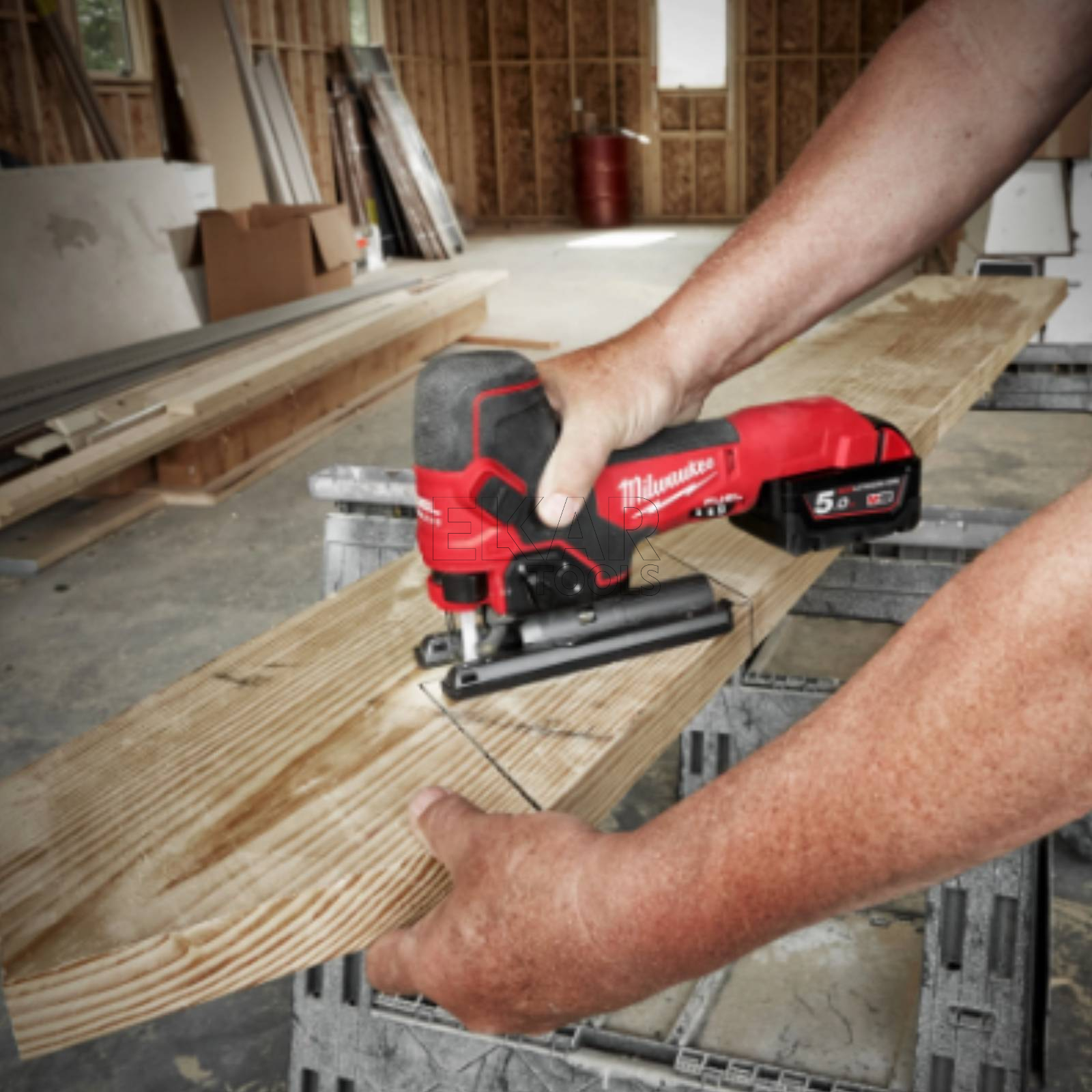 Wyrzynarka akumulatorowa Milwaukee M18 FBJS-0X 4933464799 to profesjonalne narzędzie stworzone z myślą o maksymalnej precyzji, wydajności i niezawodności w pracy. Wyposażona w nowoczesny, bezszczotkowy silnik POWERSTATE™, gwarantuje dłuższą żywotność, większą moc oraz stałą wydajność nawet przy intensywnym użytkowaniu. Dzięki zasilaniu akumulatorowemu 18 V z systemu M18™, wyrzynarka zapewnia pełną swobodę pracy bez kabla – idealna do zastosowań warsztatowych i budowlanych. Model Milwaukee M18 FBJS-0X oferuje wyjątkową kontrolę nad cięciem dzięki płynnej regulacji prędkości (do 3500 suwów/min), 5-stopniowemu ustawieniu skoku wahadłowego oraz precyzyjnemu mechanizmowi prowadzenia brzeszczotu.
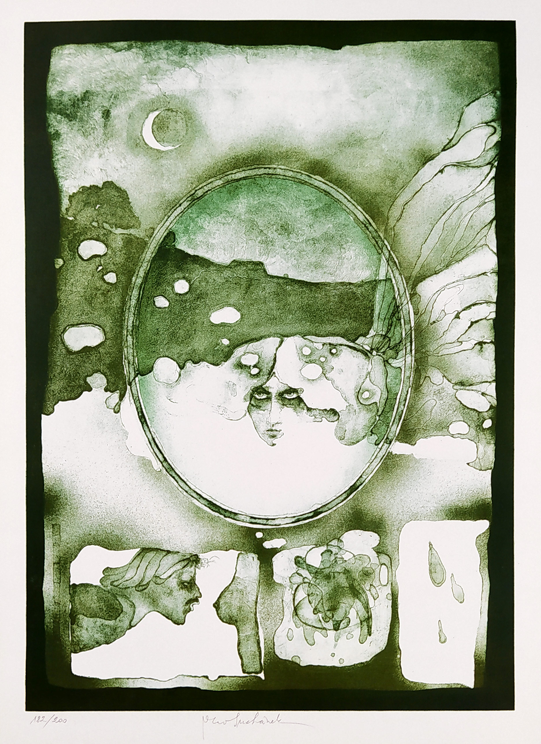 - Suchánek Vladimír – Magická žena, původní monochromatická litografie, nedatováno
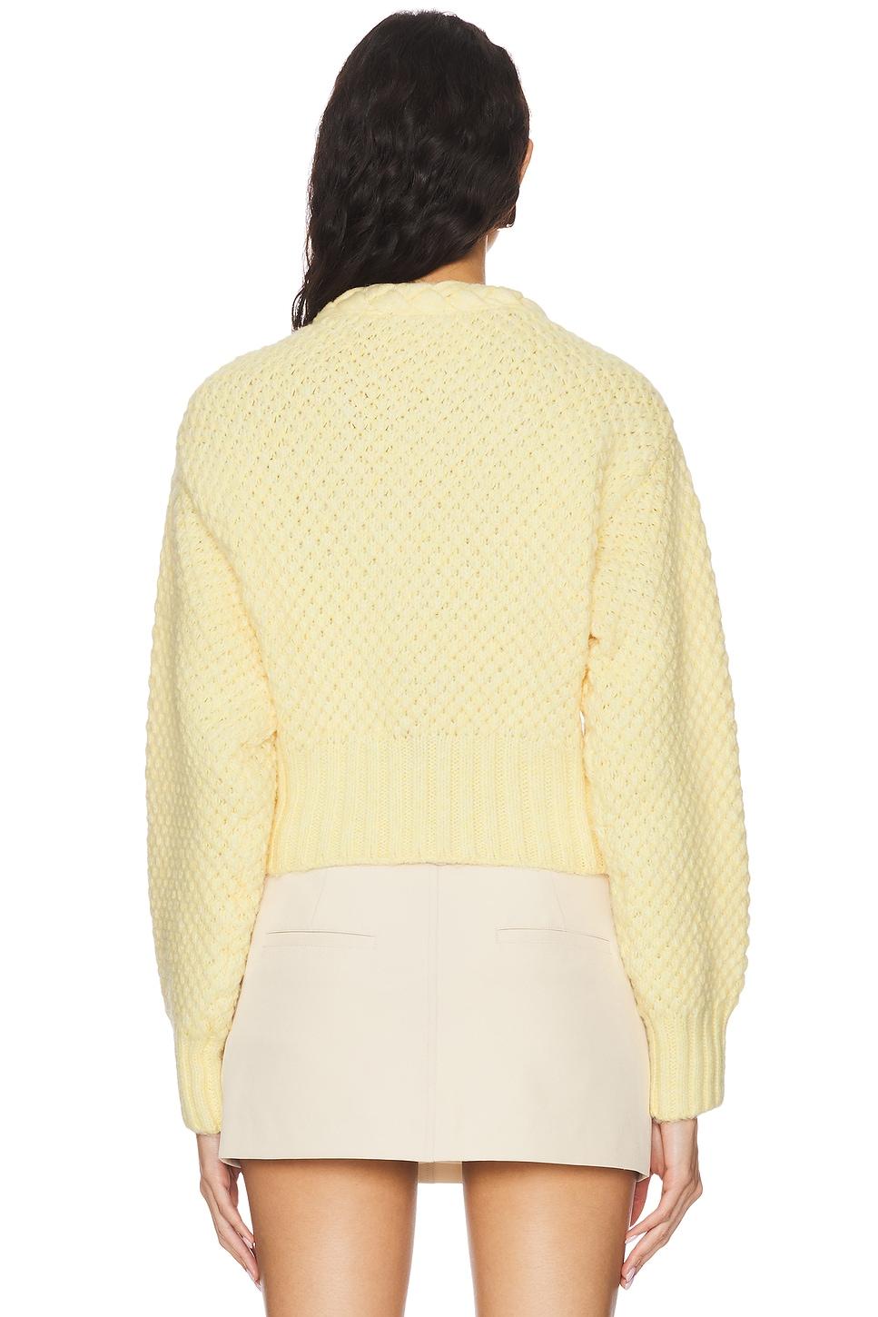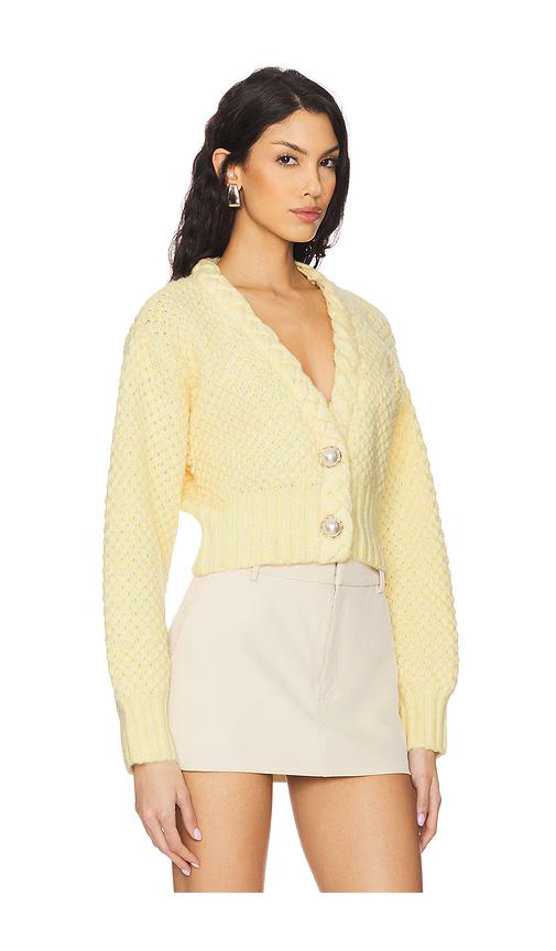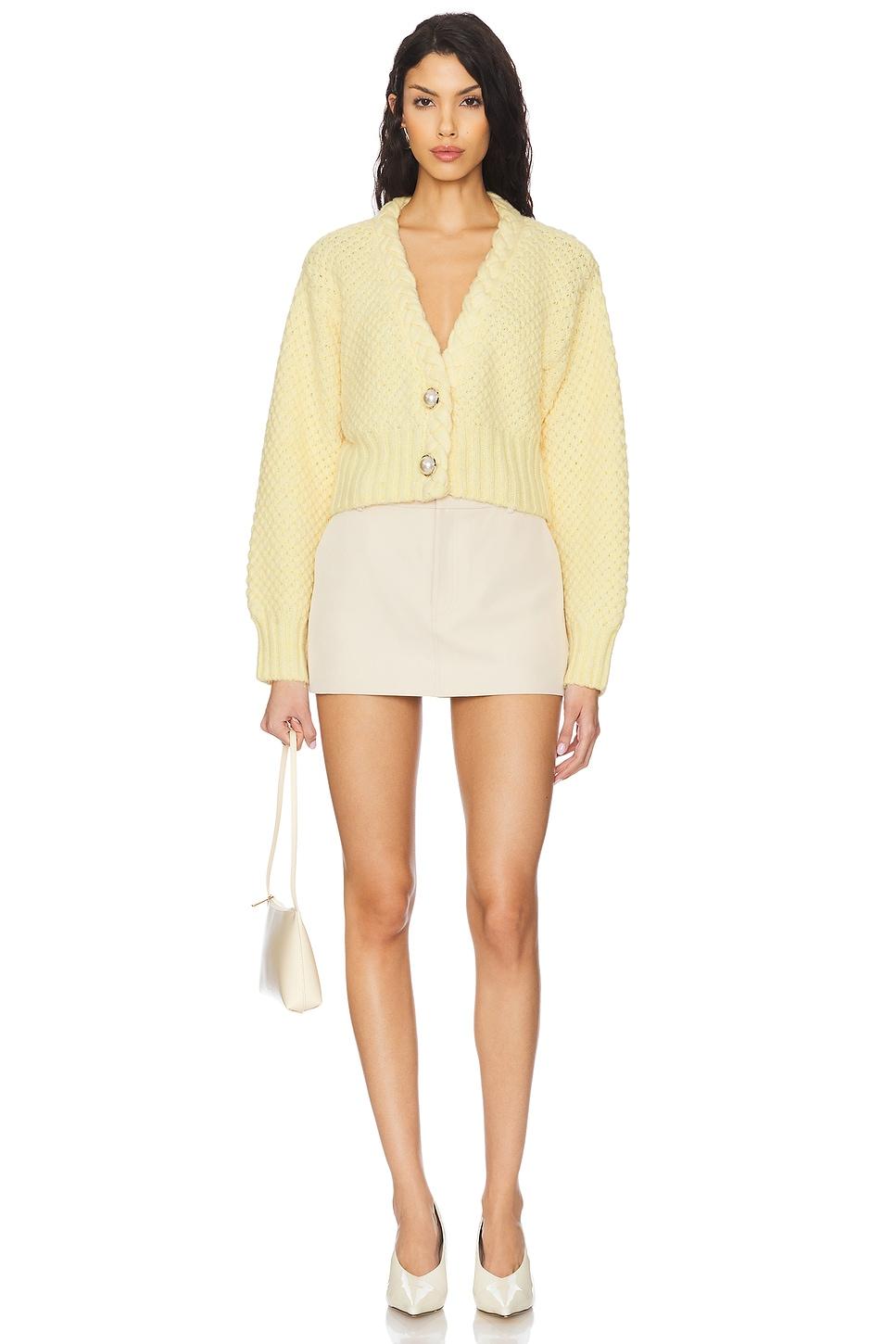 50% recycled polyester 30% polyester 10% wool 10% nylon. Made in China. Machine wash cold. Front snap button closure. Faux pearl buttons. Soft knit fabric. MALR-WK284. MJD1126 H23. Majorelle is a romantic escape driven by a sense of wanderlust and effortless feminine appeal. Based in Los Angeles, the label is girly, flirty, vintage and romantic, perfectly blending elegant dressing for the luxe dreamer who loves to travel the world.

====

→ WHAT YOU NEED TO DO:
Transcribe the material exactly, keeping every word and none of the pictures.

→ OUTPUT:
 Wyrzynarka akumulatorowa Milwaukee M18 FBJS-0X 4933464799 to profesjonalne narzędzie stworzone z myślą o maksymalnej precyzji, wydajności i niezawodności w pracy. Wyposażona w nowoczesny, bezszczotkowy silnik POWERSTATE™, gwarantuje dłuższą żywotność, większą moc oraz stałą wydajność nawet przy intensywnym użytkowaniu. Dzięki zasilaniu akumulatorowemu 18 V z systemu M18™, wyrzynarka zapewnia pełną swobodę pracy bez kabla – idealna do zastosowań warsztatowych i budowlanych. Model Milwaukee M18 FBJS-0X oferuje wyjątkową kontrolę nad cięciem dzięki płynnej regulacji prędkości (do 3500 suwów/min), 5-stopniowemu ustawieniu skoku wahadłowego oraz precyzyjnemu mechanizmowi prowadzenia brzeszczotu.
 - Suchánek Vladimír – Magická žena, původní monochromatická litografie, nedatováno
 50% recycled polyester 30% polyester 10% wool 10% nylon. Made in China. Machine wash cold. Front snap button closure. Faux pearl buttons. Soft knit fabric. MALR-WK284. MJD1126 H23. Majorelle is a romantic escape driven by a sense of wanderlust and effortless feminine appeal. Based in Los Angeles, the label is girly, flirty, vintage and romantic, perfectly blending elegant dressing for the luxe dreamer who loves to travel the world.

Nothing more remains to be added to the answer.